__Task item__:
An exact copy of the listing below is needed, with no pictures in it.
** Opening Dataset excerpt block **
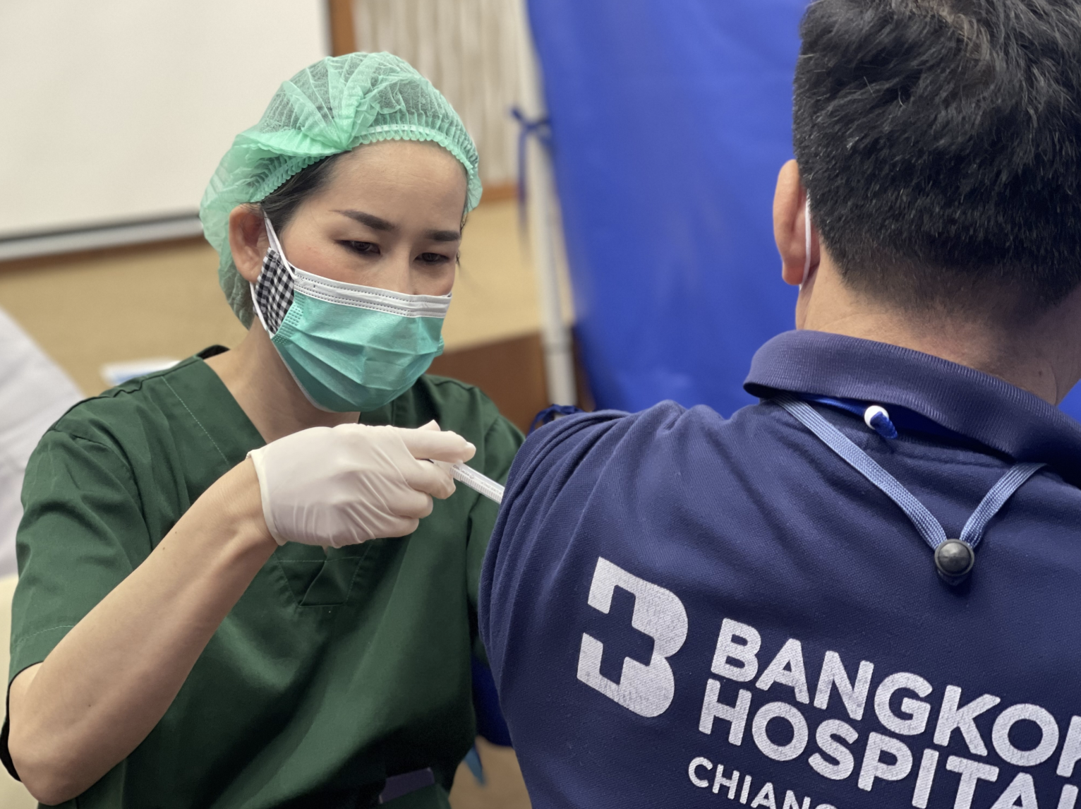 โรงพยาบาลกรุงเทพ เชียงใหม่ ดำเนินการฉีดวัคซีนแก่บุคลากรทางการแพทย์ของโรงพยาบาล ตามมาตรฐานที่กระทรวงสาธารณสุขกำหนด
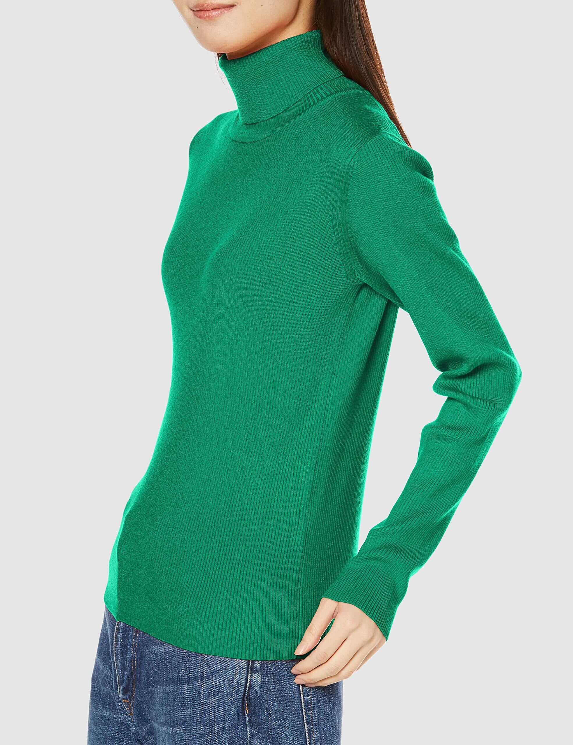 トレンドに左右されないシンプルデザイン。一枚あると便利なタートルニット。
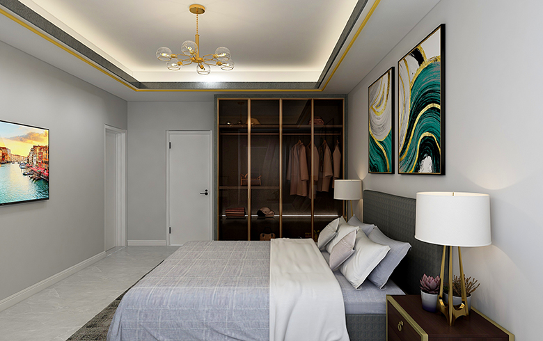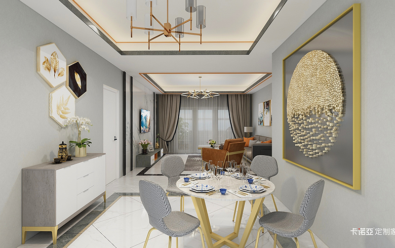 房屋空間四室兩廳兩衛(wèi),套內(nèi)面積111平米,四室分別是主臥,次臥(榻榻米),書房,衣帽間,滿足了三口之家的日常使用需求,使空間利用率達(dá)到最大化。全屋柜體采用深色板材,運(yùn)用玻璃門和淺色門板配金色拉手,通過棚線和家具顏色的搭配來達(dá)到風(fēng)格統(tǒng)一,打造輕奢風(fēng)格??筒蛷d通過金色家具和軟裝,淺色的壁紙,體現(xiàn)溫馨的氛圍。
** Closing Dataset excerpt block **
__Output below__:
 โรงพยาบาลกรุงเทพ เชียงใหม่ ดำเนินการฉีดวัคซีนแก่บุคลากรทางการแพทย์ของโรงพยาบาล ตามมาตรฐานที่กระทรวงสาธารณสุขกำหนด
 トレンドに左右されないシンプルデザイン。一枚あると便利なタートルニット。
 房屋空間四室兩廳兩衛(wèi),套內(nèi)面積111平米,四室分別是主臥,次臥(榻榻米),書房,衣帽間,滿足了三口之家的日常使用需求,使空間利用率達(dá)到最大化。全屋柜體采用深色板材,運(yùn)用玻璃門和淺色門板配金色拉手,通過棚線和家具顏色的搭配來達(dá)到風(fēng)格統(tǒng)一,打造輕奢風(fēng)格??筒蛷d通過金色家具和軟裝,淺色的壁紙,體現(xiàn)溫馨的氛圍。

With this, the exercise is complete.